Прокурор строго повернулся к ней:
— Спокойно. Вы свое скажете после.
— Это она отравила Сашу! Это у нее гранозан хранился! — опять закричала Головчанская.
Демина растерянно прижала к груди скрещенные руки:
— Голубушка, опомнись. Какой резон мне на старости лет грех на душу брать?
— Софья Георгиевна, вы сами себе противоречите, — укоризненно проговорил прокурор. — Каким образом Евдокия Федоровна могла отравить Александра Васильевича, если ночевала у вас?
— Утром она ко мне пришла! Промокшая…
Демина всплеснула руками:
— Голубушка, зачем с больной головы на здоровую валишь! Русланчик ведь может следователям сказать, что на мне ни единой ниточки мокрой не было, когда мы утром втроем завтракали. Да и ночью дитенок просыпался, на горшочек вставал. Спрашивал: «Где мама?» Я успокоила: «Спи, милок, спокойно. Мама ушла провожать папу, скоро придет». Выходит, пророческими мои слова оказались. Проводила ты, Сонечка, Александра Васильевича навсегда…

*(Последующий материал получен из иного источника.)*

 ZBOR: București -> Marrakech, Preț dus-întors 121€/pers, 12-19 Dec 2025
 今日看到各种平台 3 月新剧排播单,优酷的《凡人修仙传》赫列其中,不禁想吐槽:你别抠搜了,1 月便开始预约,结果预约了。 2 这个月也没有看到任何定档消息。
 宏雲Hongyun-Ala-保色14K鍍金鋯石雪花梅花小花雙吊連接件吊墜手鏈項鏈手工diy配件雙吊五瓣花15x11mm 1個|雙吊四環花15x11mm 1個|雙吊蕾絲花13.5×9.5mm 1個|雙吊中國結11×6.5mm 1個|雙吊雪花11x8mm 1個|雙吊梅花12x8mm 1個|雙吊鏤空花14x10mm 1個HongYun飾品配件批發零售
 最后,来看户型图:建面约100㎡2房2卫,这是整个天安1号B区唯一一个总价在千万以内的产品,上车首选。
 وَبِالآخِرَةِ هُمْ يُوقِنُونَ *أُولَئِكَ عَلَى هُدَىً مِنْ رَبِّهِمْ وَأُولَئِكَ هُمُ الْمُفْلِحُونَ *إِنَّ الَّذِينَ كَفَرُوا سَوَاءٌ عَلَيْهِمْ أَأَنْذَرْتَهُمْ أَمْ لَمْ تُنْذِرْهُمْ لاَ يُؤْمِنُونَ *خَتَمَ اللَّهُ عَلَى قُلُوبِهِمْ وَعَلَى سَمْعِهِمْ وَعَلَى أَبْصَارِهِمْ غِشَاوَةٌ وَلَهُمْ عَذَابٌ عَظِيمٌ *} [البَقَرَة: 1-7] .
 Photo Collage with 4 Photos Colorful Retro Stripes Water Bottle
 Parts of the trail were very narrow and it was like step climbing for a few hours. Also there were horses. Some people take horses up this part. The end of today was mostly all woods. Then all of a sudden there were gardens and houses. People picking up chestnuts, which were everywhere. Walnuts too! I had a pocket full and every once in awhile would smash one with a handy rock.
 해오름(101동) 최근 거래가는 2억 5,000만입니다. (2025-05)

Прокурор болезненно провел ладонью по лицу. Посмотрев в растерянные глаза Софьи Георгиевны, тихо спросил:
— Неужели ребенка придется впутывать?..
Головчанская будто лишилась рассудка. Сгорбившись, она вдруг прижала ко лбу сжатые до побеления кулачки, зажмурилась и шепотом выдохнула:
— Ради бога… не надо…
— Будете говорить правду?
— Буду… Я никого не хотела отравлять…
Прокурор поднялся. Сказал Голубеву и Деминой:
— Идемте, товарищи. Здесь теперь и без нас разберутся с Софьей Георгиевной.

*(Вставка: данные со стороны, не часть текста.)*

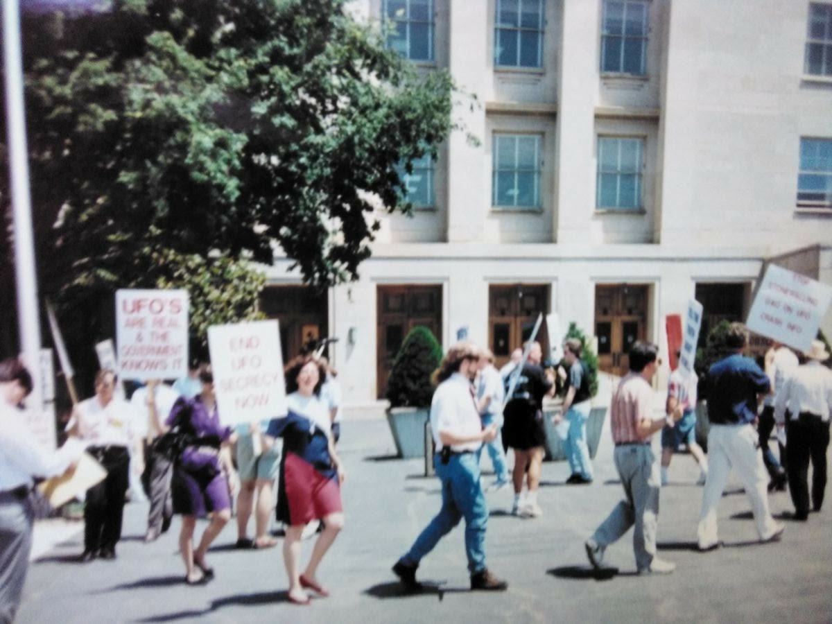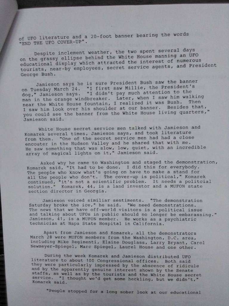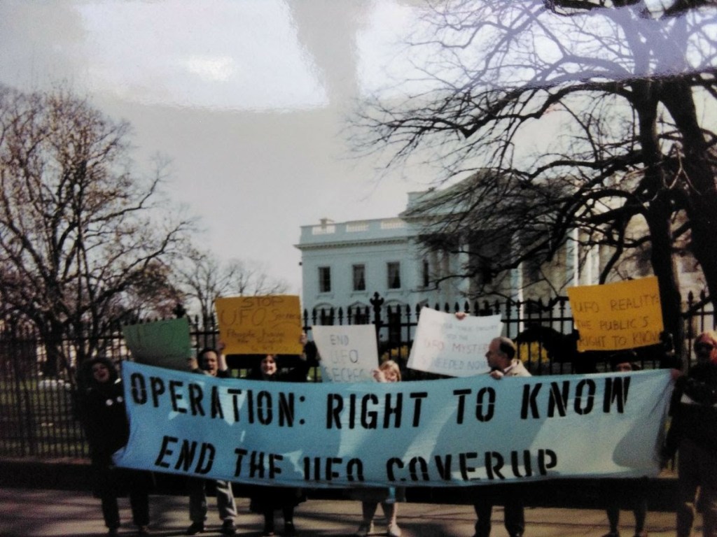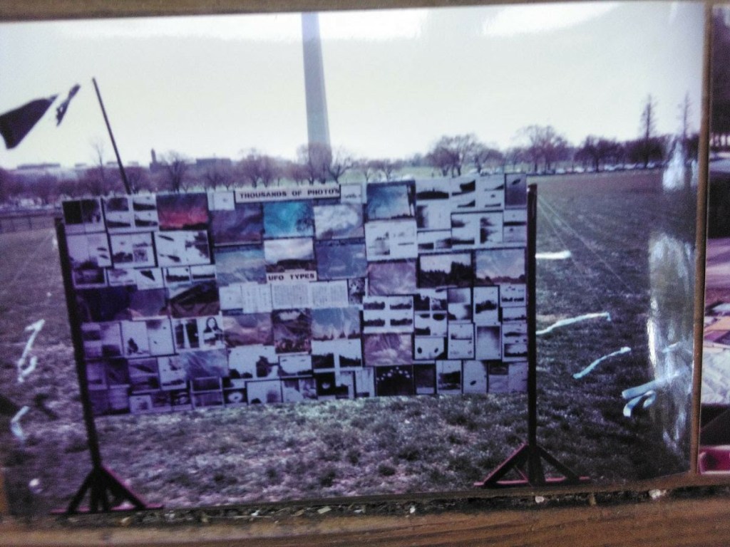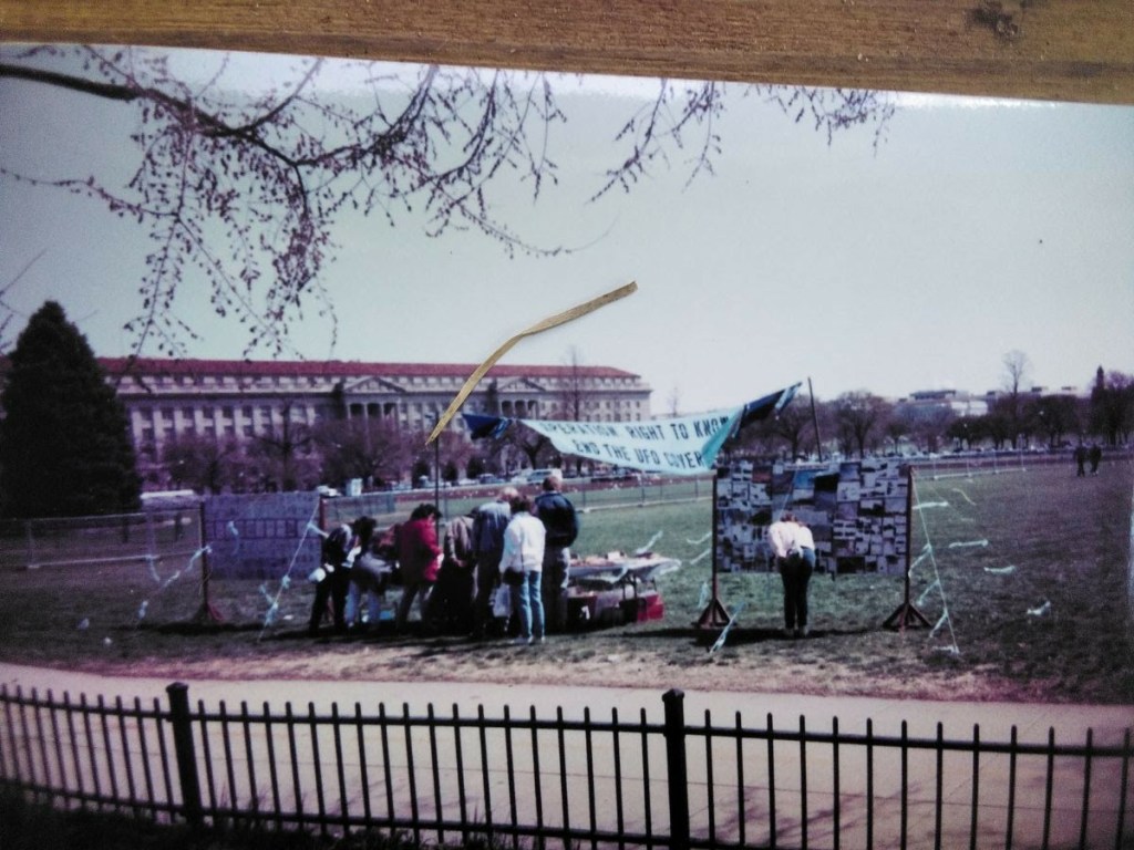 The following pictures were taken by Ed Komarek, Jr. First is a group photo Ed took at the White House sidewalk after a week-long, permitted educational display at the zero point of the White House ellipse. Pics following the first photo are scenes from the display (long table of material, upright display board, large banner on poles). Event during March 1992. Black and white version of White House sidewalk group photo adorned cover of the MUFON Journal during the spring of 1992.

Допрос Головчанской продолжался больше трех часов. Тихим, бесцветным голосом, часто путаясь и повторяясь она подтвердила показания Огнянниковой о телефонном звонке и подброшенном на крыльцо ключе. Потом призналась, как подслушала под дверью дачи Тумановых смутный разговор мужа с какой-то женщиной. По голосу эту женщину так и не узнала, потому что та почти не говорила. После голос мужа удалился из кухни в комнату. Софья Георгиевна сунулась к окну, но, сообразив, что ее белую кофточку видно в темноте, мгновенно вспомнила: на даче у Деминой постоянно висит черный рабочий халат. Тотчас на память пришла совсем недавняя благодарность Евдокии Федоровны за гранозан, «чуток» которого Демина оставила на полке для будущей весны.
— В этот момент и возник у вас замысел преступления? — спросил Головчанскую следователь Лимакин.

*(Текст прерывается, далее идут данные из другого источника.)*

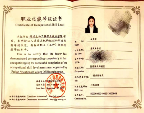本专业校内可考取医药商品购销员职业资格证书,工作满1年可以考取初级药师证,工作满4年可考取执业药师证,职业晋升路径清晰。
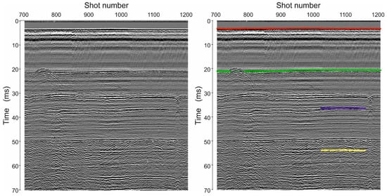 Seismic section acquired at the Gulf of Trieste (Northern Adriatic Sea) using a Boomer system without (left) and with the selected horizons (right): direct arrival (red), seafloor reflection (green), primary reflection (violet), and peg-leg multiple (yellow).
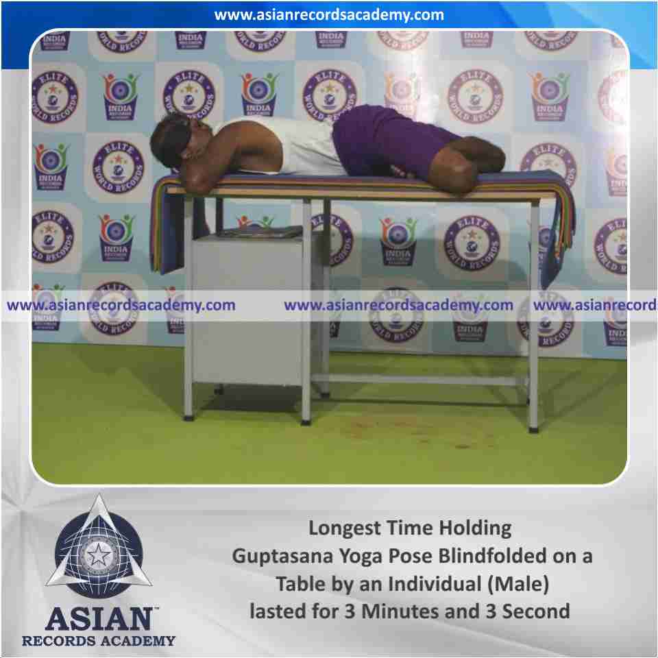 Longest Time Holding Guptasana Yoga Pose Blindfolded on a Table by an Individual (Male)
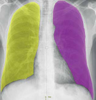 Radiographs were taken on a DR7500 unit (Care-stream Health, Inc., Rochester, NY, USA). Image texture parameters were analysed with LIFEx software using DICOM files [20,21]. The following initial assumptions were made: 128 shades of grey tested, and the region of interest (ROI) separate for each lung (Figure 1). All the available texture parameters were analysed. A result was a positive diagnosis of COVID-19 pneumonia in the test group vs. control group. Results included only significant parameters.
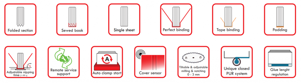 La boquilla PUR consiste en dos órbitas circulares con una apertura en cada uno. Cuando el sensor, cerca de la boquilla, detecta el bloque del libro  la apertura de ambas órbitas se alinea y se aplica la cola PUR de forma precisa. Cuando el bloque del libro se separa del sensor la apertura del interior de la órbita se mueve y sella la cola PUR. La boquilla interior apaga o inicia la cola PUR con extrema rapidez y precisión manteniendo una presión constante y alta calidad.
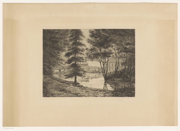 Editor: Here we have Thorvald Niss’s “Winter watercourse by a forest,” an engraving print created sometime between 1842 and 1905. The subdued grayscale gives it a stark, almost bleak feeling. I'm intrigued by how such a simple scene can evoke such a strong emotional response. What stands out to you in terms of its composition and technique? Curator: Formally, the piece is dominated by a carefully calibrated distribution of light and shadow. The engraver's tools have been used to create a remarkable range of tones, from the almost stark white of the snow to the deep blacks of the treeline. Note how the lines create texture and depth; how do you feel the arrangement of elements directs your eyes? Editor: I see how the stream kind of leads my eye into the darker thicket in the back. It's interesting that you focus on the abstract shapes of the tones. How does this abstraction add to the engraving? Curator: Abstraction, here, is a means of distilling the essence of the landscape. By focusing on the formal elements, the artist is drawing attention to the intrinsic qualities of the scene, the relationship between line, shape, tone, and texture rather than aiming to just replicate its physical appearance. Have you observed the variations in lines used in this print? Editor: Yes, the varying thicknesses in the lines seem to define depth and shadow. Also, I like how this print focuses less on grand emotions or stories and more on quiet contemplation of the landscape. Curator: Precisely. It exemplifies how the formalist approach illuminates the aesthetic and structural decisions shaping a work. These structural devices determine the artistic effect that informs the print and our observation of it. Editor: It definitely helps to focus on the visual language of the art itself, beyond any historical interpretations. Thank you! Curator: The beauty lies within this type of visual breakdown. It lets us decode an engraving like Niss' using core art concepts.

— Не знаю, — тихо ответила Софья Георгиевна. — Я не отдавала отчета своим поступкам. Что-то ужасное, как… черное пламя помутило рассудок… Помню, хотела войти к Тумановым и швырнуть гранозан в глаза Сашиной любовнице, чтобы она ослепла…
— Но прежде, чем открыть дверь дачи, вы долго стояли на крыльце под карнизом, — сказал следователь.
— Вначале хотела уловить смысл разговора. Потом ждала, чтобы Саша заснул, иначе он скрутил бы мне руки.